The Mosquito Evolves Two Types of Prophenoloxidases with Diversified Functions

Overview

Journal Proc Natl Acad Sci U S A

Date 2025 Jan 14

PMID 39808654

Authors

Xiaojing Zhu

Lei Zhang

Linlong Jiang

Huaqing Chen

Yu Tang

Xiaoyun Yang

Pengkun Bao

Chenghong Liao

Jianyong Li

Christopher J Vavricka

Delin Ren

Zhaohui Chen

Yingying Guo

Qian Han

Affiliations

Soon will be listed here.

Abstract

Insect phenoloxidase, presented as an inactive precursor prophenoloxidase (PPO) in hemolymph, catalyzes melanin formation, which is involved in wound healing, pathogen killing, reversible oxygen collection during insect respiration, and cuticle and eggshell formation. Mosquitoes possess 9 to 16 PPO members across different genera, a number that is more than that found in other dipteran insects. However, the reasons for the redundancy of these PPOs and whether they have distinct biochemical properties and physiological functions remain unclear. Phylogenetic analysis confirmed that PPO6 (Aea-PPO6) is an ortholog to PPOs in other insect species, classified as the classical insect type, while other Aea-PPOs are unique to Diptera, herein referred to as the dipteran type here.
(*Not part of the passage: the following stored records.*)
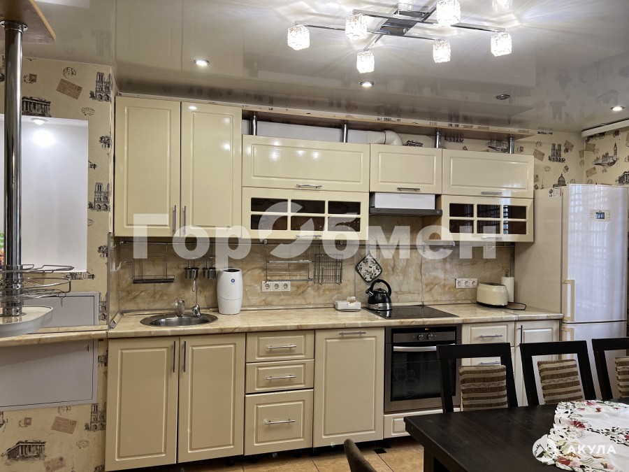 Кухня оборудована красивым современным гарнитуром цвета ваниль с удобной барной стойкой, с импортной бытовой техникой преимущественно LG и Gorenje: варочная панель, духовой шкаф, вытяжка, посудомоечная машина, широкий холодильник, тостер, чайник и т.д. Кухня вытянутой формы, поэтому она позволяет за обеденным столом разместить на постоянной основе не менее 8 человек.
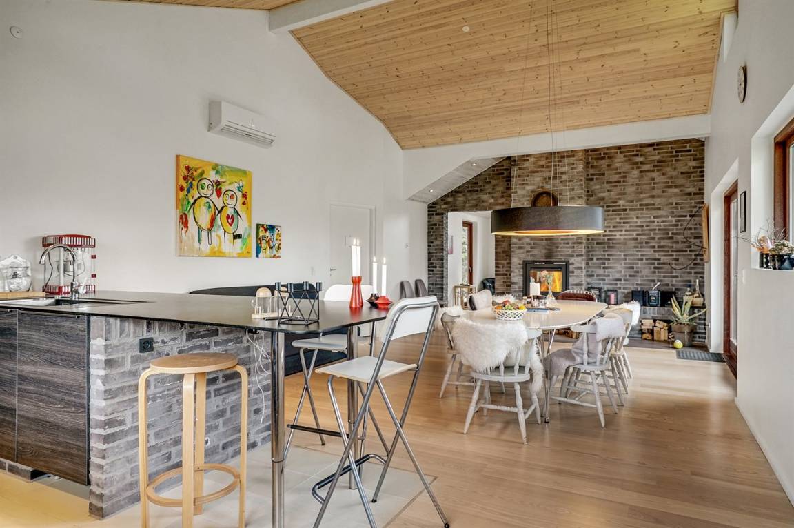 DraußenDie Ferienunterkunft liegt auf einem 1204 m² großen Gartengrundstück. Die Entfernung zum Meer beträgt 1500 m. Die Entfernung zum Fjord beträgt 550 m. Die nächste Einkaufsmöglichkeit liegt 750 m entfernt. Es steht ein 100 m² Terrassenareal zur Verfügung. Außerdem gibt es 20 m² überdachte Terrasse.Lagerfeuerstelle. Es steht ein Grill zur Verfügung. Es ist ein Ladestecker für Elektroautos installiert. Ladestecker Typ 2. Mit einer Ladeleistung von 11 kW. Parkplatz auf dem Grundstück.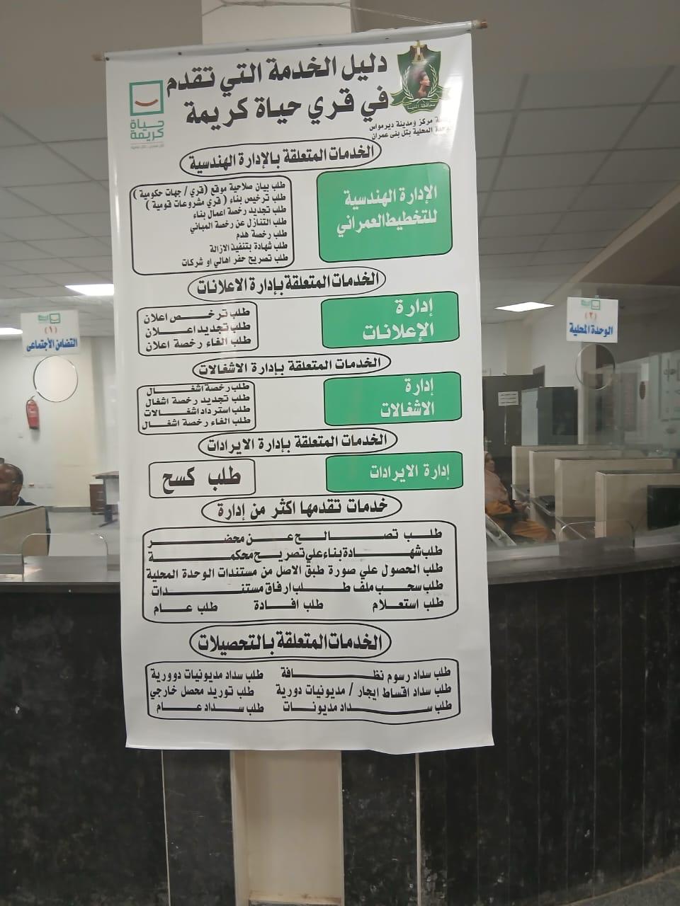 كما شملت الجولة زيارة المركز التكنولوجي بمركز تل بني عمران، للاطلاع على سير العمل، وقياس مدى سرعة إنجاز المعاملات ومستوى الخدمات المقدمة، وذلك في إطار رصد الواقع الفعلي للخدمة، والالتزام بالمدد الزمنية المحددة لكل خدمة، وتفعيل منظومة التحول الرقمي بما يضمن الشفافية والنزاهة، وفصل مقدم الخدمة عن طالبها، إلى جانب تسريع وتيرة العمل في ملفات تقنين الأوضاع، وتوفير كافة سبل الراحة للمترددين على المراكز.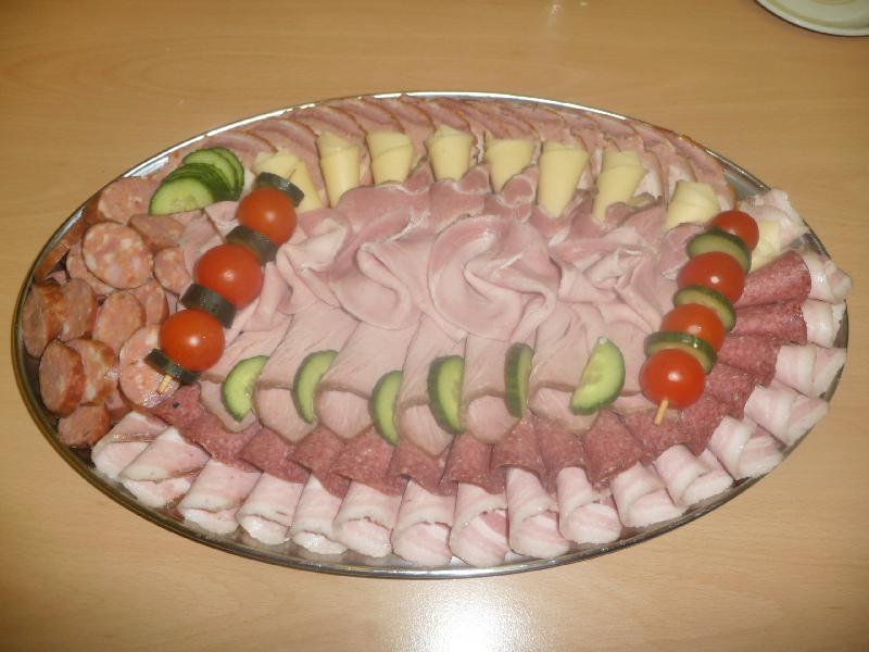 Hlavní jídlo: a) smažený vepřový řízek, bramborová kaše, okurek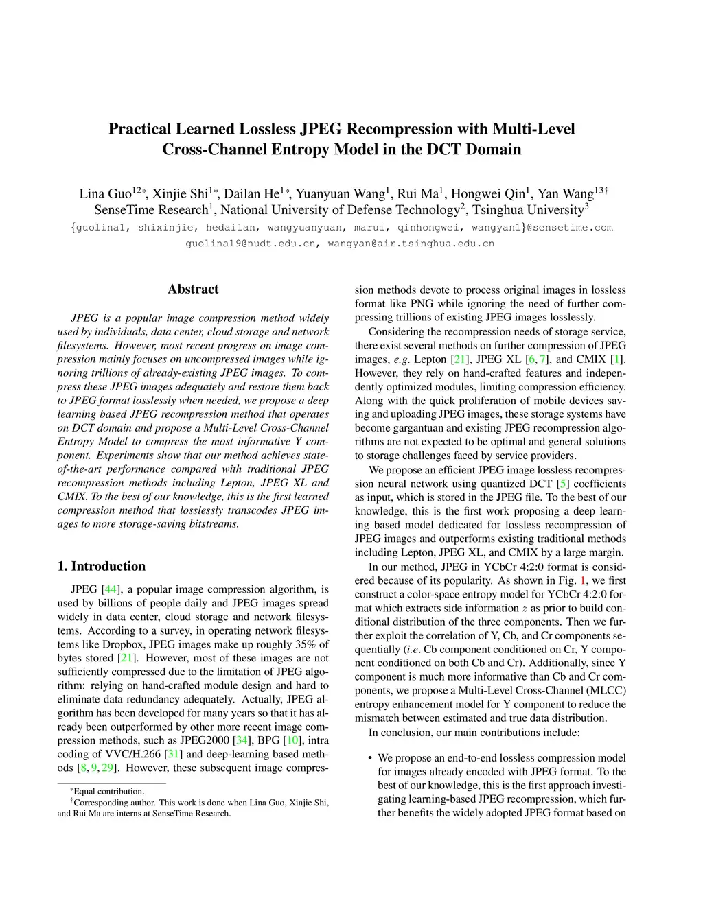 JPEG is a popular image compression method widely used by individuals, data center, cloud storage and network filesystems. However, most recent progress on image compression mainly focuses on uncompressed images while ignoring trillions of already-existing JPEG images. To compress these JPEG images adequately and restore them back to JPEG format losslessly when needed, we propose a deep learning based JPEG recompression method that operates on DCT domain and propose a Multi-Level Cross-Channel Entropy Model to compress the most informative Y component. Experiments show that our method achieves state-of-the-art performance compared with traditional JPEG recompression methods including Lepton, JPEG XL and CMIX. To the best of our knowledge, this is the first learned compression method that losslessly transcodes JPEG images to more storage-saving bitstreams.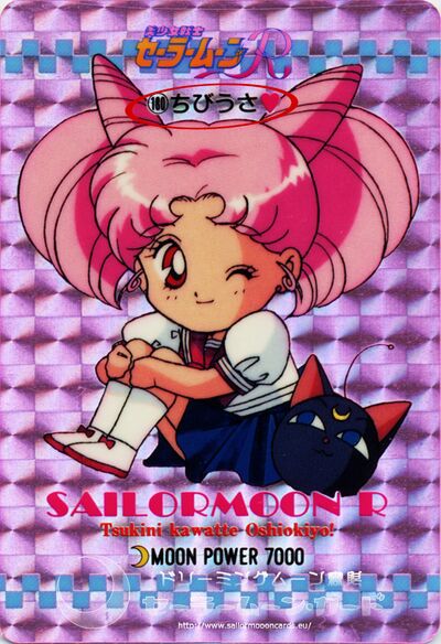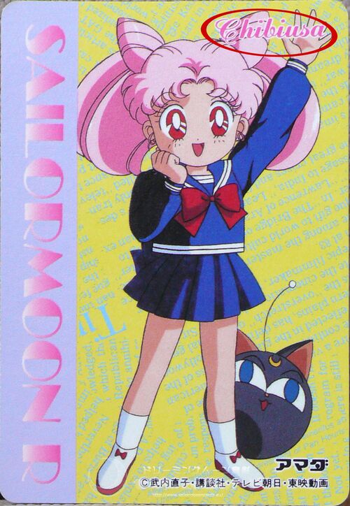 Я перелопатила горы карточек, но, честно говоря, нигде кроме «Чиби Усы» не нашла другого имени этой девочки. Сразу хочу сказать, что смотрела я лицензионные японские карточки фирм «Амада», «Бандай», «Банпресто» и «Марусёу». «Левые» карточки лично на Чиби Усу я не видела, но знаю примеры на Принцессу Серенити. Там такого понаворотили, мама не горюй!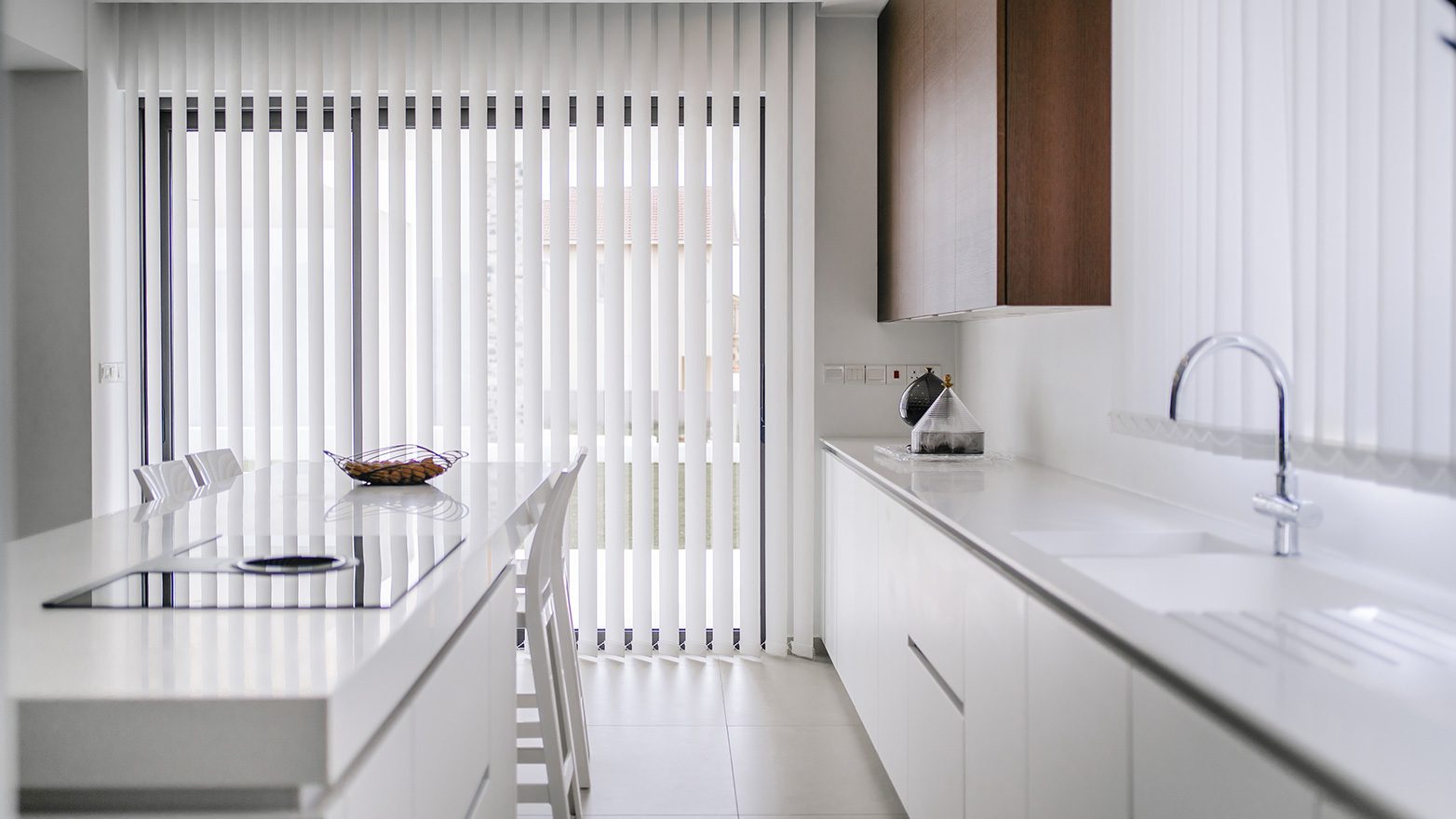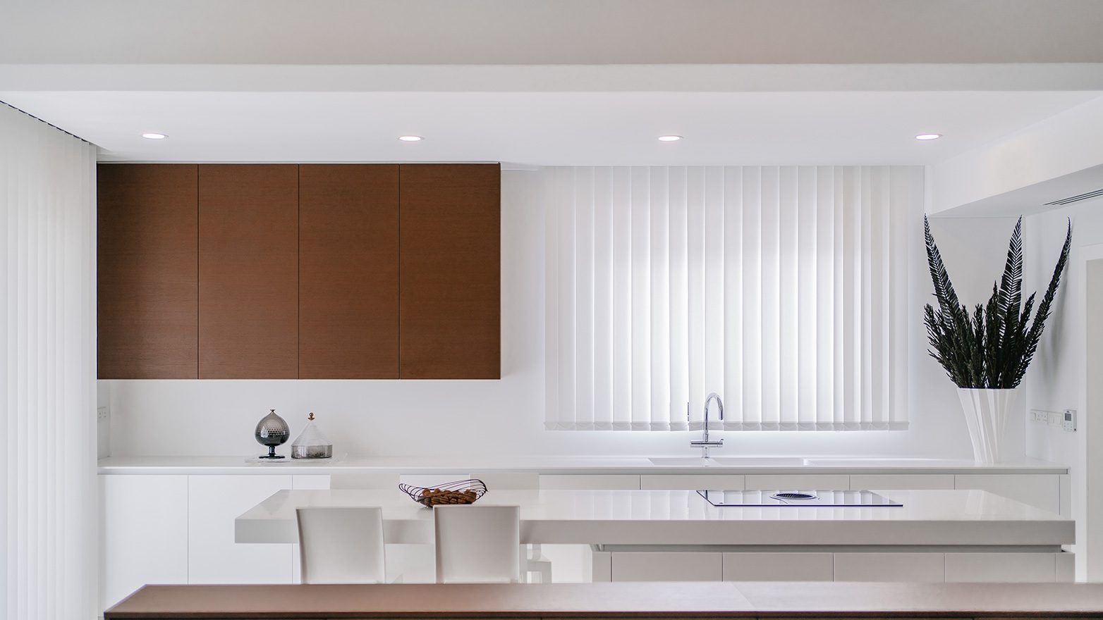 The kitchen is developed with two distinguished models of Zecchinon Cucine; Kalea is selected in milky white matt finish for the back wall area and central, kitchen island, while at the forefront service area and for the upper assistive units tobacco oak modules are designed in approach of an intimate, naturalistic style.
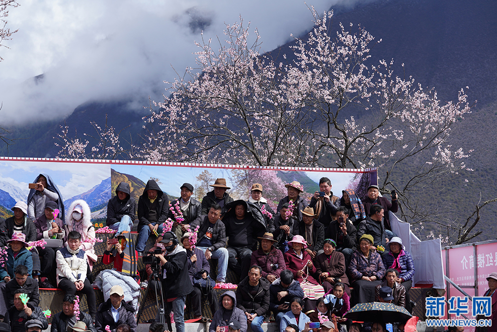 4月3日,林芝市第17屆桃花旅游文化節(jié)波密分會(huì)場開幕式上的觀眾。新華網(wǎng) 達(dá)娃 攝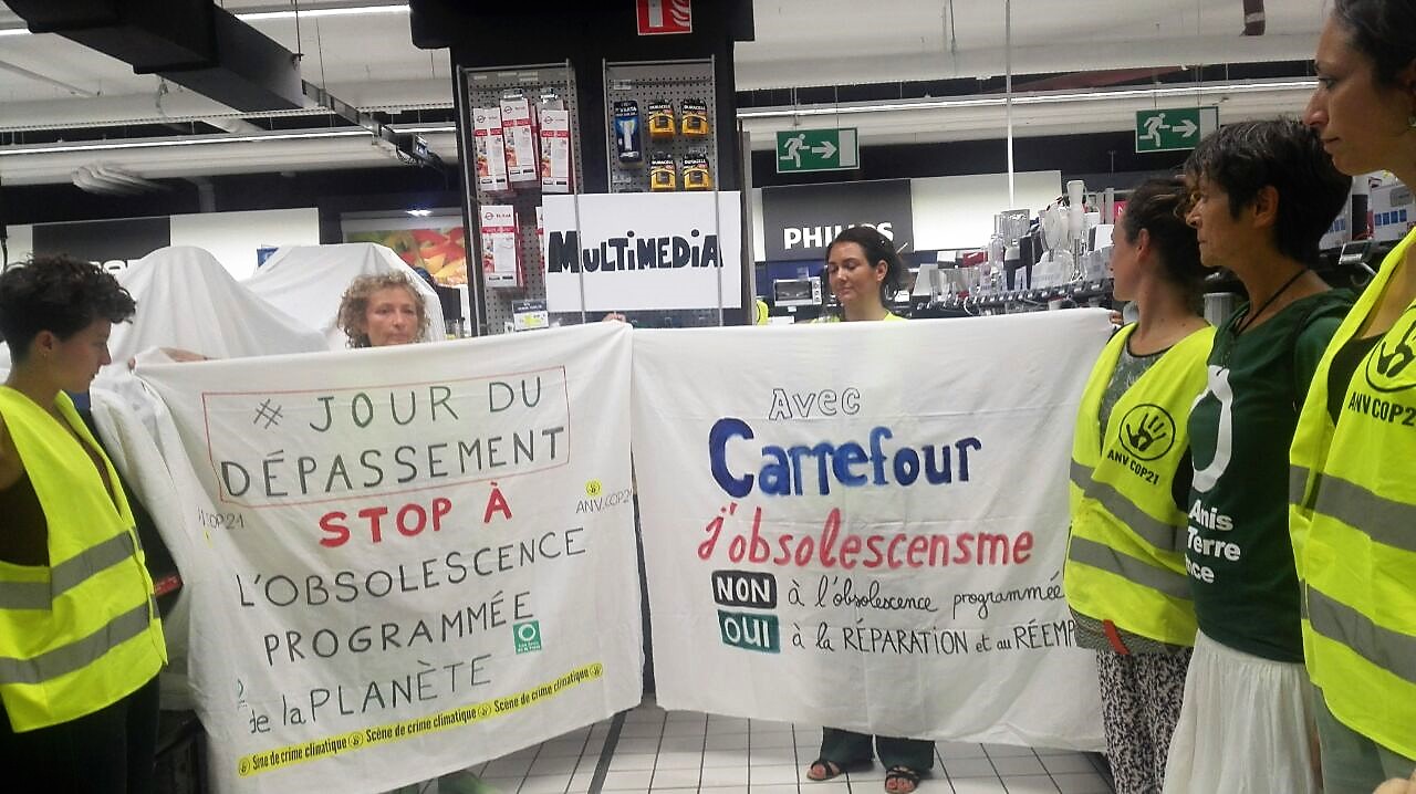 Jour du dépassement : action à Carrefour Marseille pour dénoncer la surconsommation des ressources naturelles.

We characterized two Aea-PPO members, Aea-PPO6, the classical insect type, and Aea-PPO10, a dipteran type, which exhibit distinct substrate specificities. By resolving Aea-PPO6's crystal structure and creating a chimera protein (Aea-PPO6-cm) with Motif 1 (GDGPDSVVR) from Aea-PPO10, we identified the motif that determines PPO substrate specificity. In vivo, loss of Aea-PPO6 led to larval lethality, while Aea-PPO10 was involved in development, pigmentation, and immunity. Our results enhance the understanding of the functional diversification of mosquito PPOs.

Citing Articles

Innate Immunity in Insects: The Lights and Shadows of Phenoloxidase System Activation.

Zdybicka-Barabas A, Staczek S, Kunat-Budzynska M, Cytrynska M Int J Mol Sci. 2025; 26(3).

PMID: 39941087 PMC: 11818254. DOI: 10.3390/ijms26031320.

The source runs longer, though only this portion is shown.